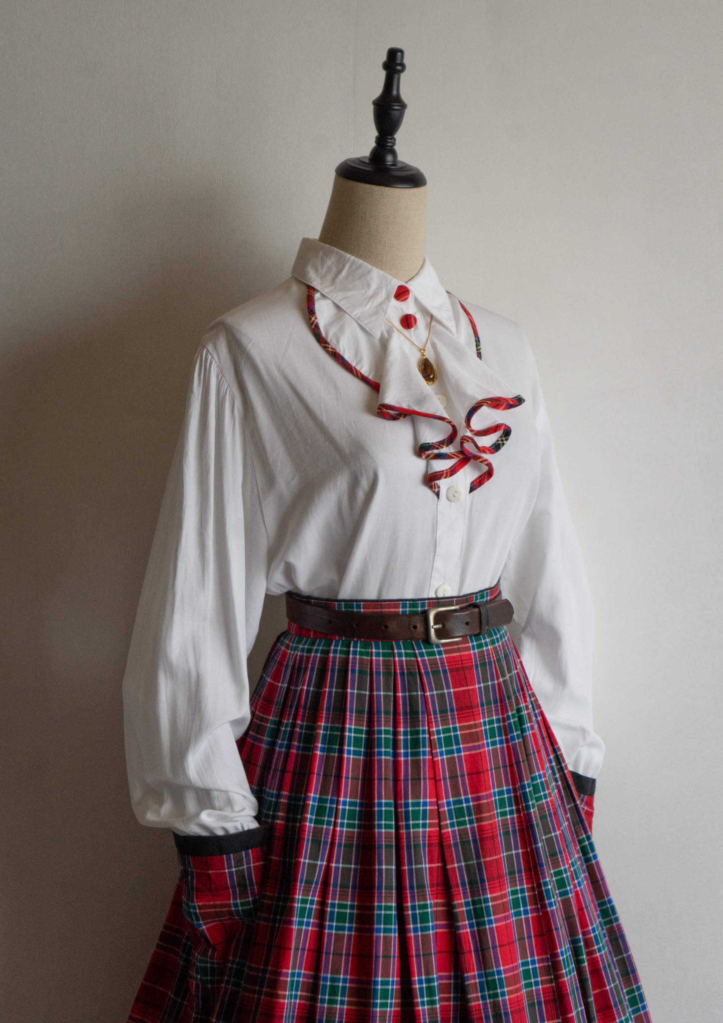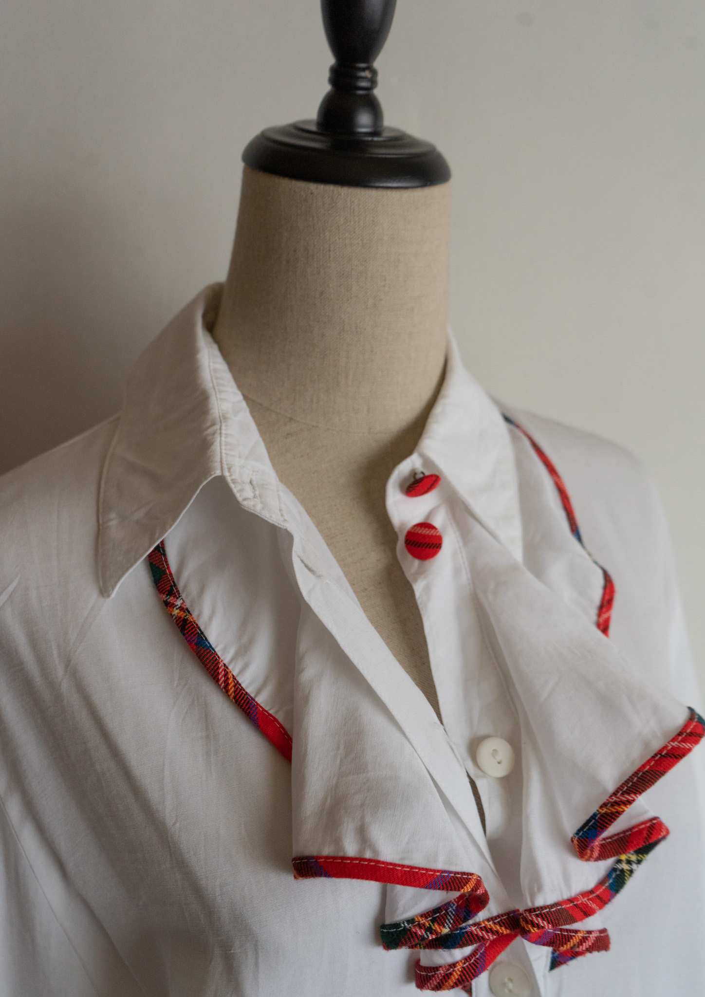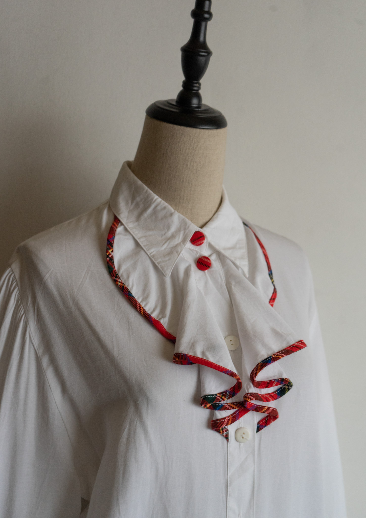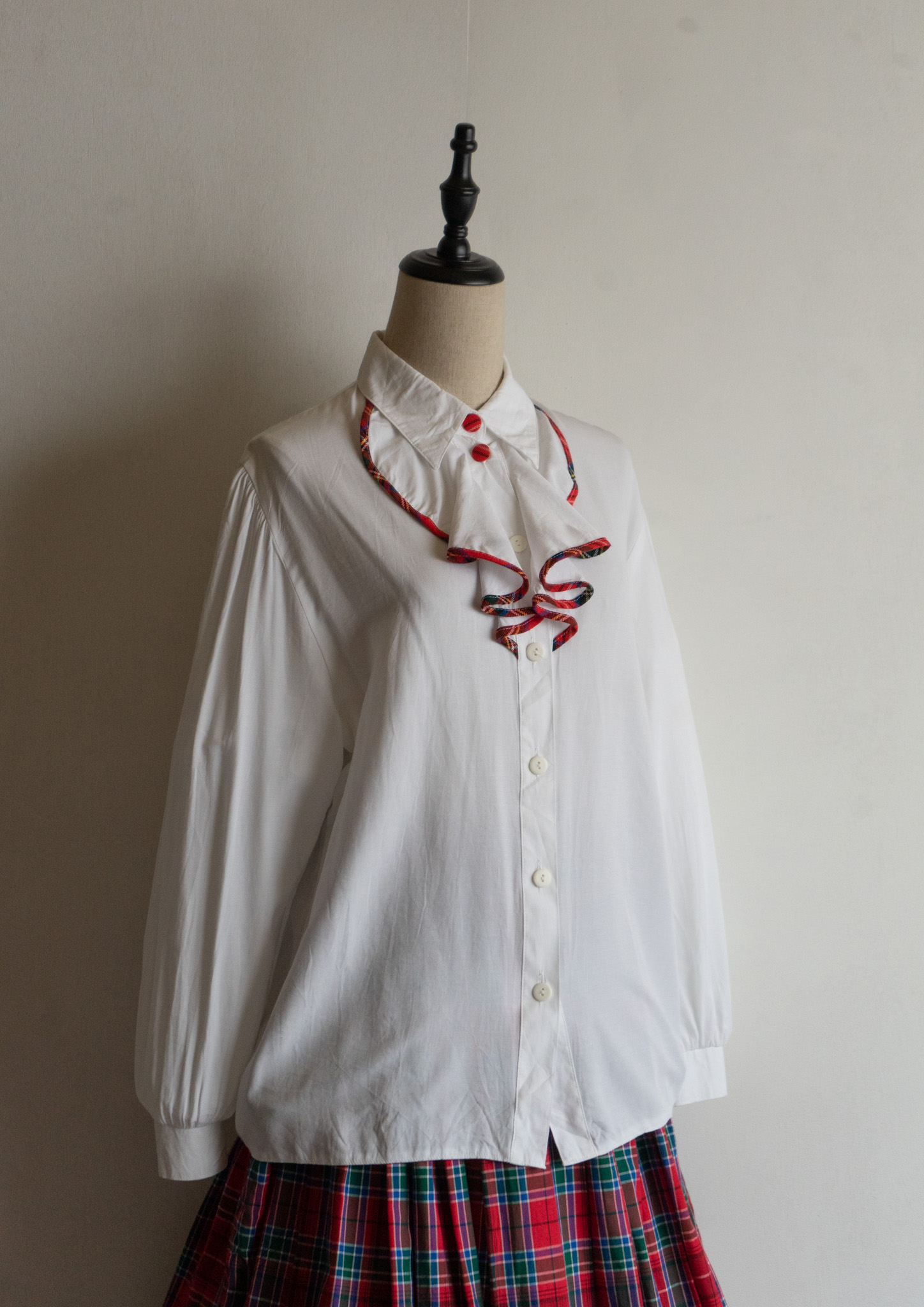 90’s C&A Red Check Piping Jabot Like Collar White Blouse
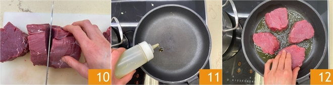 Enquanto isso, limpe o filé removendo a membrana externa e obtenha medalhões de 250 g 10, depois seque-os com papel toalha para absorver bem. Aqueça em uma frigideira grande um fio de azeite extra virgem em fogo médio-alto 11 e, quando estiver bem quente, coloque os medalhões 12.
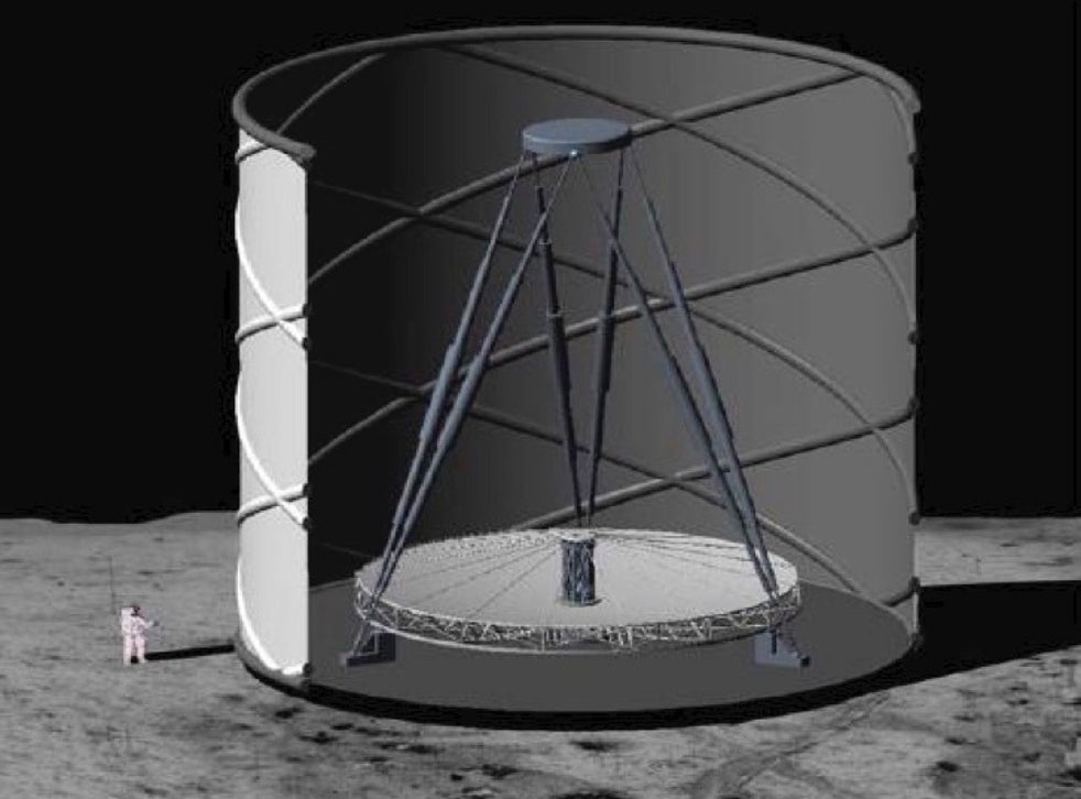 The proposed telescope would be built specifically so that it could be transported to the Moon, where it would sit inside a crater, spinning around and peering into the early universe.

——

• [Exercise goal]
Starting with the line that contains "Enquanto isso, limpe" and ending with the last line of the data above, transcribe exactly those lines and no others, without pictures.

• [Answer for the task]
 Enquanto isso, limpe o filé removendo a membrana externa e obtenha medalhões de 250 g 10, depois seque-os com papel toalha para absorver bem. Aqueça em uma frigideira grande um fio de azeite extra virgem em fogo médio-alto 11 e, quando estiver bem quente, coloque os medalhões 12.
 The proposed telescope would be built specifically so that it could be transported to the Moon, where it would sit inside a crater, spinning around and peering into the early universe.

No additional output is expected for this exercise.